» Data provided:

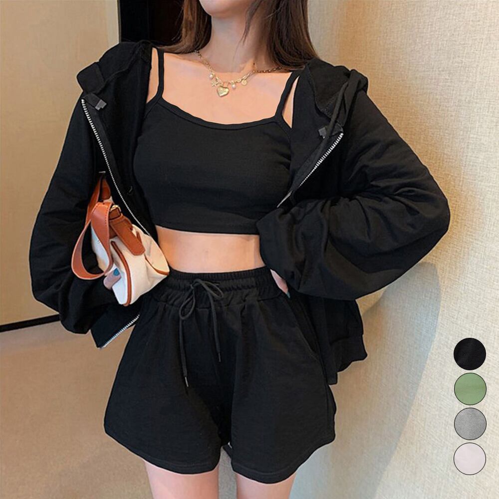 可愛い 部屋着セット 長袖 ルームウェア カジュアル ジップアップパーカー ショート丈キャミソール ショートパンツ 春夏
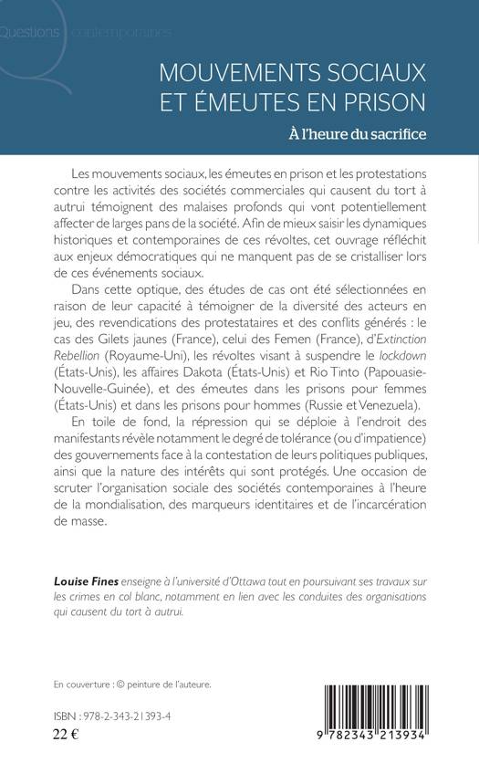 Les mouvements sociaux, les émeutes en prison et les protestations contre les activités des sociétés commerciales qui causent du tort à autrui témoignent des malaises profonds qui affectent la société. Afin de mieux saisir les dynamiques historiques et contemporaines de ces révoltes, cet ouvrage réfléchit aux enjeux démocratiques qui se cristallisent lors de ces événements sociaux. Des études de cas témoignent de la diversité des acteurs, des revendications et des conflits : le cas des Gilets jaunes, celui des Femen (France), d'Extinction Rebellion (Royaume-Uni), ou bien les révoltes visant à suspendre le lockdown (États-Unis). En toile de fond, la répression révèle notamment le degré de tolérance des gouvernements face à la contestation, ainsi que la nature des intérêts protégés.
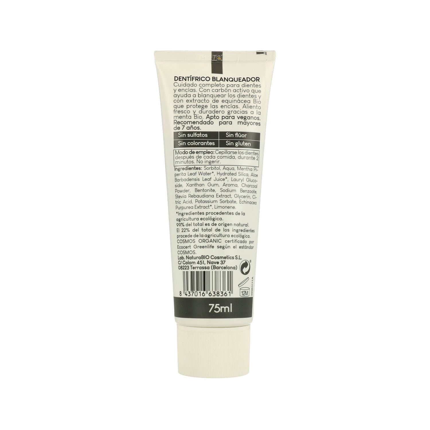 Pasta de dentes branqueadora com carvão ativado para obter um cuidado profundo dos dentes e gengivas ao mesmo tempo que os branqueia, evitando a formação de placa, deixando um hálito fresco e relaxando as gengivas.
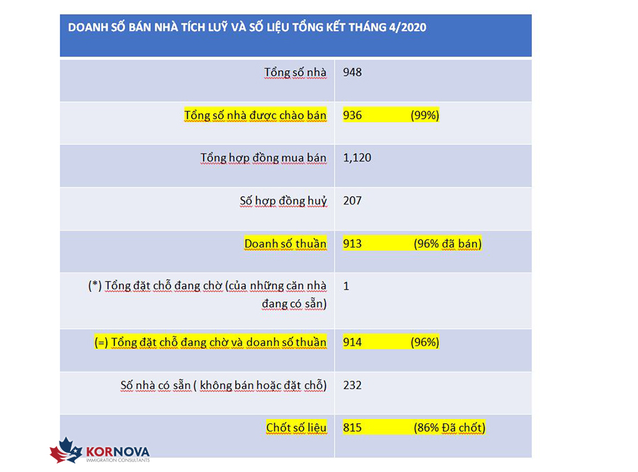 Tổng doanh số dự án tính đến cuối tháng 04 năm 2020:
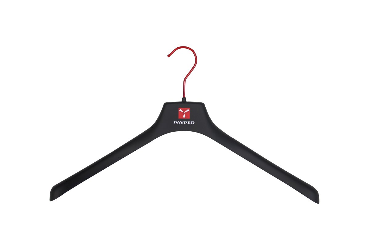 ÉRTÉKESÍTÉS_AKASZTÓK_Vállfa a jobb illeszkedés érdekében a vállrészen kiszélesedéssel, nyomtatott logóval ellátott lapos nyakrésszel, enyhén csúszásgátló, soft-touch gumírozással.
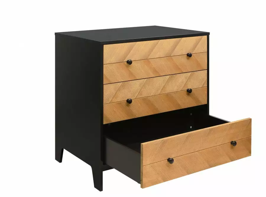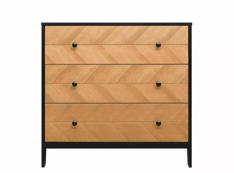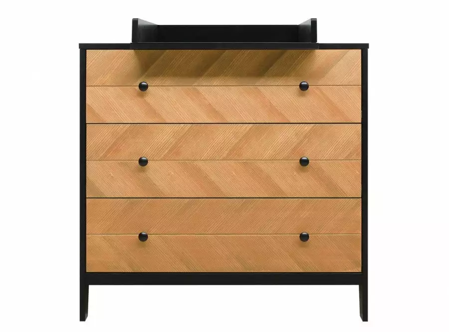 In a cool combination of matt black and veneered wood. Combine this changing table with the barrier Bo, so that you can change your child safely. Place the Job wall shelf above this chest of drawers to easily have things at hand. Since it is a natural product, the wood structure can differ per piece of furniture in the Job series.
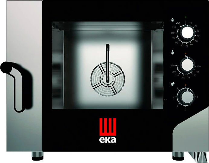 Печь конвекционная электрическая Tecnoeka MKF 464 S серии Millenial Smart используется для выпечки мелкоштучных булочных и кондитерских изделий, однако за счет возможности установки температуры нагрева от 100 °C до 275 °C, в ней можно готовить замороженные полуфабрикаты и разогревать готовые блюда.
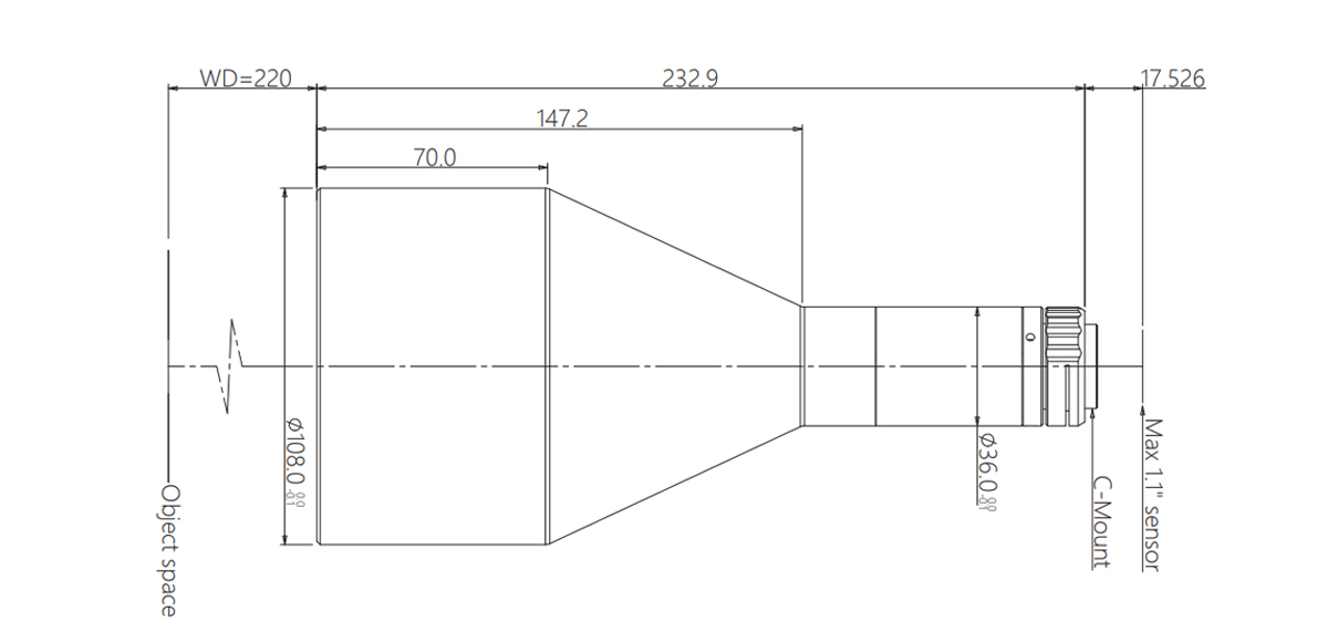 Working Distance(mm) | 220±2 | Max Sensor Size(φmm) | 18.0(1.1") | ||||
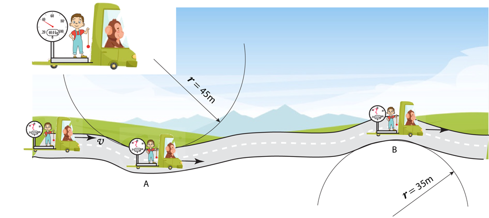 Q2)図で自動車が36km/hで等速走行していとき体重40kgの少年が乗った体重計は地点AとBでどのような値を示すか?
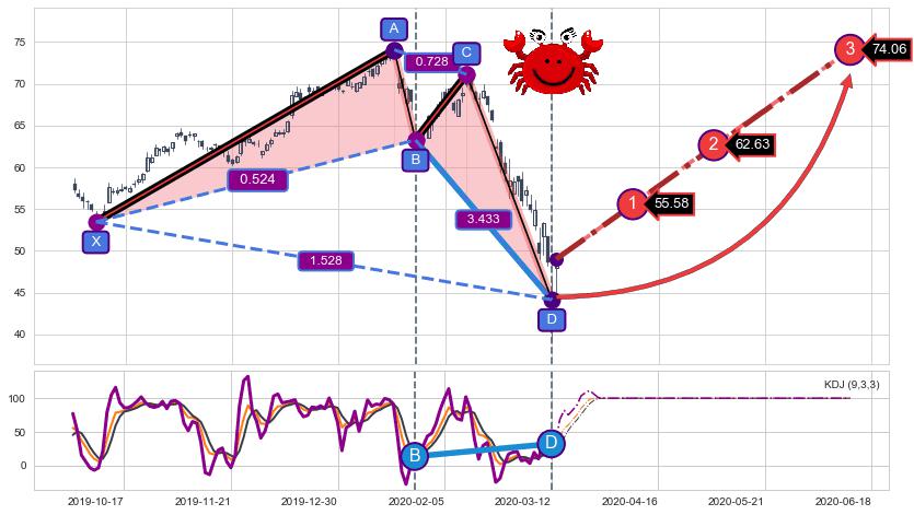 | 3 🅚:降势受阻 ➕ 📡:谐波螃蟹已到达d点:猜想c下行到达d点后报复性拉升上涨(均值回复) ☞ 看多信号 ⇥ 【🅚线】交织【图形】⇥ 综合量化分数: 51 | > |
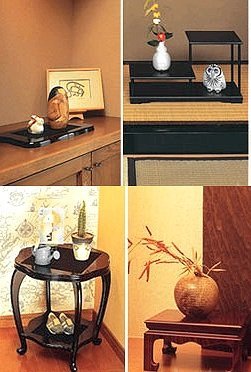 木製花台 平板 敷板 黒檀調 (8号) 木製漆器 花瓶を置く台
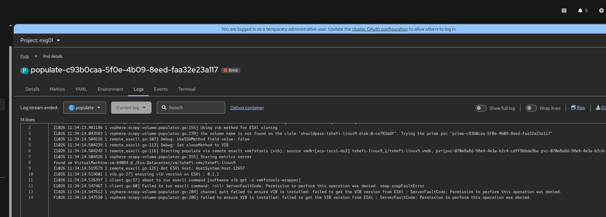 I1026 11:34:14.504226 1 remote_esxcli.go:107] Debug: UseSSHMethod field value: falseI1026 11:34:14.504239 1 remote_esxcli.go:113] Debug: Set cloneMethod to VIBI1026 11:34:14.504243 1 remote_esxcli.go:116] Starting populate via remote esxcli vmkfstools (vib), source vmdk=[eco-iscsi-ds3] tshefi-linux9_1/tshefi-linux9.vmdk, pv={pvc-070e8a8d-98e4-4e3a-b2c4-cdff5bbda9ba pvc-070e8a8d-98e4-4e3a-b2c4-cdff5bbda9ba map[backendUUID:4ba678e5-0d3a-4f05-bdda-e516e3f2e157 internalName:trident_pvc_070e8a8d_98e4_4e3a_b2c4_cdff5bbda9ba name:pvc-070e8a8d-98e4-4e3a-b2c4-cdff5bbda9ba protocol:block storage.kubernetes.io/csiProvisionerIdentity:1760616938134-3672-csi.trident.netapp.io]}I1026 11:34:14.504326 1 vsphere-xcopy-volume-populator.go:355] Staring metrics serverfound vm VirtualMachine:vm-64084 @ /Eco-Datacenter/vm/tshefi-vms/tshefi-linux9I1026 11:34:14.519579 1 remote_esxcli.go:125] Got ESXi host: HostSystem:host-12657I1026 11:34:14.519601 1 vib.go:27] ensuring vib version on ESXi : 0.1.1I1026 11:34:14.526397 1 client.go:57] about to run esxcli command [software vib get -n vmkfstools-wrapper]E1026 11:34:14.547467 1 client.go:60] Failed to run esxcli command: <nil> ServerFaultCode: Permission to perform this operation was denied. soap.soapFaultErrorI1026 11:34:14.547512 1 vsphere-xcopy-volume-populator.go:204] channel quit failed to ensure VIB is installed: failed to get the VIB version from ESXi : ServerFaultCode: Permission to perform this operation was denied.F1026 11:34:14.547520 1 vsphere-xcopy-volume-populator.go:206] failed to ensure VIB is installed: failed to get the VIB version from ESXi : ServerFaultCode: Permission to perform this operation was denied.
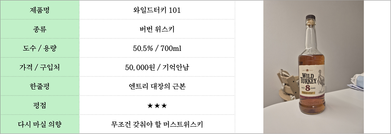 메이커스마크, 버팔로트레이스와 함께 버번 위스키 엔트리 삼대장인 와일드터키 시리즈를 소개하려고 한다. 그중 단연코 스테디셀러인 와일드터키 101에 대해서 내 취향을 기준으로 설명해보겠다.

» Exercise:
Restate word for word only the lines from where the entries begin through the one with "ÉRTÉKESÍTÉS_AKASZTÓK_Vállfa a jobb"; omit the pictures.

» The completed task:
 可愛い 部屋着セット 長袖 ルームウェア カジュアル ジップアップパーカー ショート丈キャミソール ショートパンツ 春夏
 Les mouvements sociaux, les émeutes en prison et les protestations contre les activités des sociétés commerciales qui causent du tort à autrui témoignent des malaises profonds qui affectent la société. Afin de mieux saisir les dynamiques historiques et contemporaines de ces révoltes, cet ouvrage réfléchit aux enjeux démocratiques qui se cristallisent lors de ces événements sociaux. Des études de cas témoignent de la diversité des acteurs, des revendications et des conflits : le cas des Gilets jaunes, celui des Femen (France), d'Extinction Rebellion (Royaume-Uni), ou bien les révoltes visant à suspendre le lockdown (États-Unis). En toile de fond, la répression révèle notamment le degré de tolérance des gouvernements face à la contestation, ainsi que la nature des intérêts protégés.
 Pasta de dentes branqueadora com carvão ativado para obter um cuidado profundo dos dentes e gengivas ao mesmo tempo que os branqueia, evitando a formação de placa, deixando um hálito fresco e relaxando as gengivas.
 Tổng doanh số dự án tính đến cuối tháng 04 năm 2020:
 ÉRTÉKESÍTÉS_AKASZTÓK_Vállfa a jobb illeszkedés érdekében a vállrészen kiszélesedéssel, nyomtatott logóval ellátott lapos nyakrésszel, enyhén csúszásgátló, soft-touch gumírozással.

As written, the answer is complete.